* [Assigned task] The full listing, written out exactly and without images, is the expected result.

* [Given material]
-.-.-
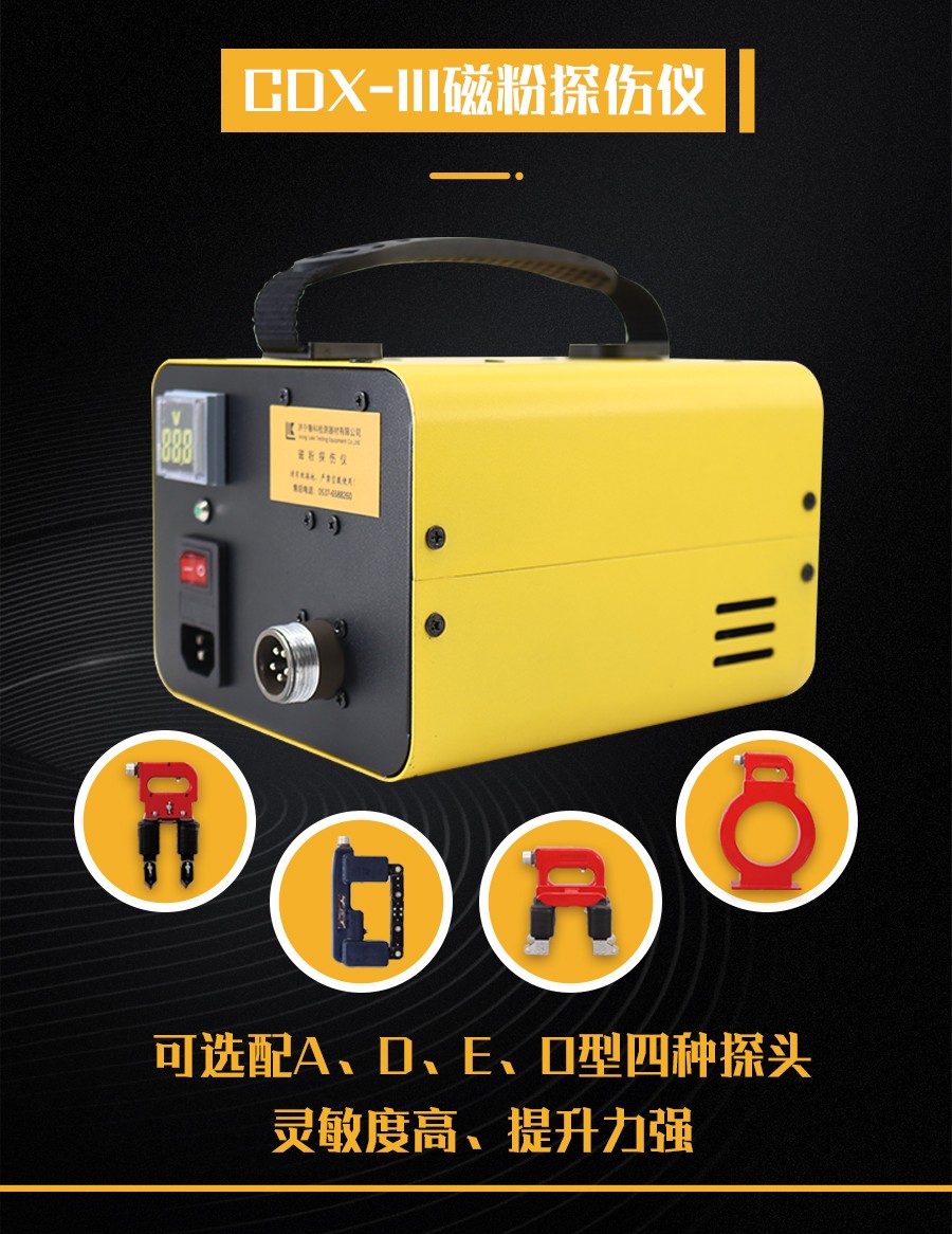 (3)E型探頭:也稱交叉磁軛探頭或旋轉磁場探頭,利用兩只交叉的磁軛采用交流電移相技術,使之產生隨時間變化的復合旋轉磁場,可以對工件一次 磁化,具有探傷速度快、檢測質量高的優點。極距:80mm,提升力AC≥120N,重量:3.5kg;
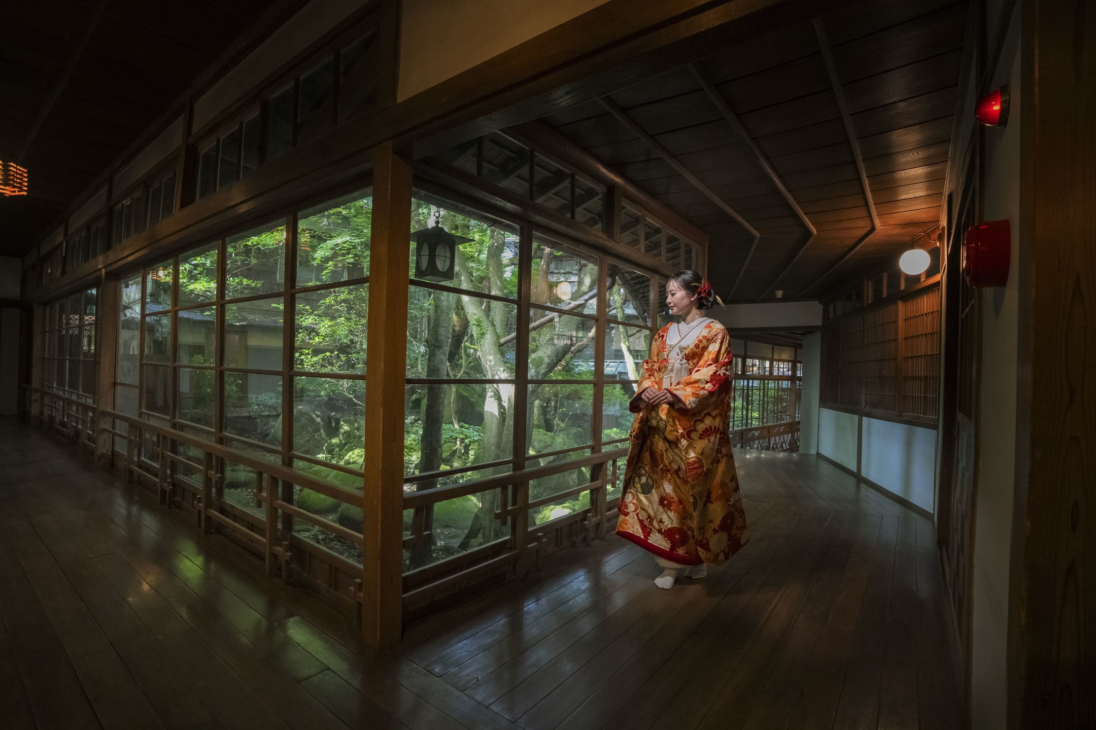Fukuzumirō is a historic traditional inn with classic wooden architecture and a serene Japanese garden. It offers a dignified setting for Japanese attire, enabling photography with a strong sense of heritage and time.
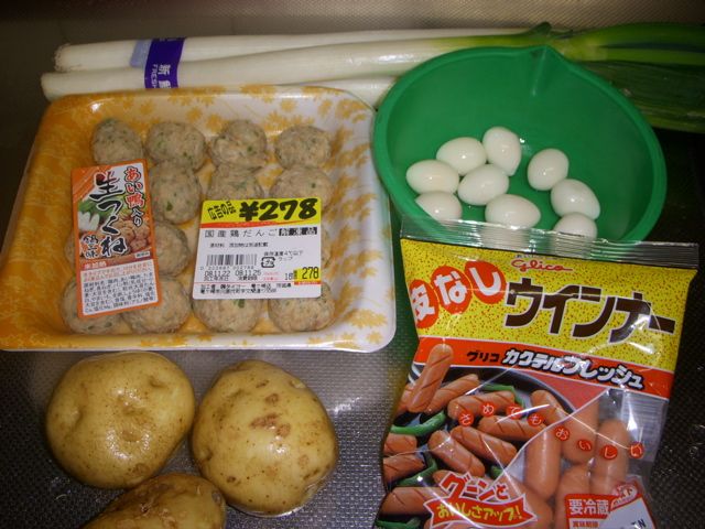 1、材料は、今回鍋用の生つくねを使った。かなりおいしい。
-.-.-
* [Solution for this exercise]
 (3)E型探頭:也稱交叉磁軛探頭或旋轉磁場探頭,利用兩只交叉的磁軛采用交流電移相技術,使之產生隨時間變化的復合旋轉磁場,可以對工件一次 磁化,具有探傷速度快、檢測質量高的優點。極距:80mm,提升力AC≥120N,重量:3.5kg;
Fukuzumirō is a historic traditional inn with classic wooden architecture and a serene Japanese garden. It offers a dignified setting for Japanese attire, enabling photography with a strong sense of heritage and time.
 1、材料は、今回鍋用の生つくねを使った。かなりおいしい。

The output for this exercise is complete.